Without question, measuring implied trading costs is an important gauge of a broker’s performance, but the current definition of Transaction Cost Analysis (TCA) is far too narrow. In addition to implicit costs, a comprehensive TCA program needs to include explicit trading costs as well.

Historically, TCA has focused on the measurement of execution quality. In other words, did I get the best price for an order relative to the time the order was placed? Measuring the trade timing success of brokers, venues and algorithms, with benchmarks such as VWAP or “implementation shortfall” is critical but does not paint the full TCA picture.

What is missing from traditional TCA is the calculation of explicit costs. Once believed to be easy to estimate, commissions paid to brokers, regulatory fees and most significantly exchange fees are today very difficult to measure due to the ever-increasing market fragmentation, the introduction of liquidity based fees and rebates and the frequency of fee schedule changes. In our experience at Firm58, on-demand visibility into explicit costs, as well as reports detailing the most economic venues, assets, traders, etc. can help broker dealers understand how to not only reduce expenses, but also make strategic decisions about where to funnel order flow.

Measuring market impact by comparing trades against benchmarks composed of price, time, and volume (implicit costs) in combination with measuring the fees actually levied by all trading constituents (explicit costs) is the only comprehensive form of TCA. In today’s increasingly fragmented market where margins are shrinking, explicit cost TCA is even more important, and accessing this information in a timely manner can result in significant savings and more proactive decision-making. As profitability becomes the key metric for success, competitive firms are actively seeking a comprehensive TCA program. Are you?

Market Structure Changes Post Trade Needs

Over 5 years ago when our founders created Firm58, one of the core principles was that changing market structure (i.e., more trading venues, digitization, etc…) was making post trade financial analysis & reporting exponentially more complex. They were clearly right. Everyone knows how hard it is to, daily, look at your OMS records, your clearing files and try to reconcile what happened across which “markets” and at what fee/rebate. Customers demand more transparency into their trade activity. Companies are scrambling at best to keep up.  The largest brokerages are scrambling to make sense of all this post trade data in order to reduce their Brokerage, Clearing and Execution costs, which typically represent the 2nd or 3rd largest spend in their organizations.

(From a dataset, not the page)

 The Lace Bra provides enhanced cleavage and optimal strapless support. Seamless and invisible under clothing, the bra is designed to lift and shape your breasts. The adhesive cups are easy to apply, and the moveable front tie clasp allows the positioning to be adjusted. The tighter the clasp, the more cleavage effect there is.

While I was at the Rosenblatt Financial Technology Summit in New York two weeks ago, Joe Gawronski (President) and Justin Schack (Director of Market Structure Analysis) led off the conference with a talk on regulatory reform and the impact on competition in the industry. In that talk they reviewed some of the historical facts that have lead to today’s market structure. In particular, two slides (shown here) detail the changes in market structure from 1997 to now, and put some hard facts around this problem of market fragmentation and complexity. The duopoly in US Equity Markets we knew 13 years ago has been replaced with at least nine market places or venues making up almost 98% of the volume.

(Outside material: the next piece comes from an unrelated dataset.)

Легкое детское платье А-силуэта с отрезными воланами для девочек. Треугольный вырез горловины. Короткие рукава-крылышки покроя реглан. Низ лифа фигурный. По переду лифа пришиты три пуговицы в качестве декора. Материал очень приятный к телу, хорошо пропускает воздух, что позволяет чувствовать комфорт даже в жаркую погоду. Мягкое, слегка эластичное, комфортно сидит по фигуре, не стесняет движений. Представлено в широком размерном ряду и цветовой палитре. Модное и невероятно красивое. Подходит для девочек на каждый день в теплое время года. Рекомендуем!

What does that mean for you? As we’ve been saying for years, if you’re a brokerage of any size, and you’re trying reconcile monthly exchange invoices and fees against your daily trading activity, good luck. Spreadsheets and MBA’s are working overtime to give you (at best) averages and a high level view of the business. Granular trade by trade analysis, and detailed views of clients is impossible without a system to help you.  With the pending changes in regulations and compliance around trade detail and transparency you will clearly be at risk.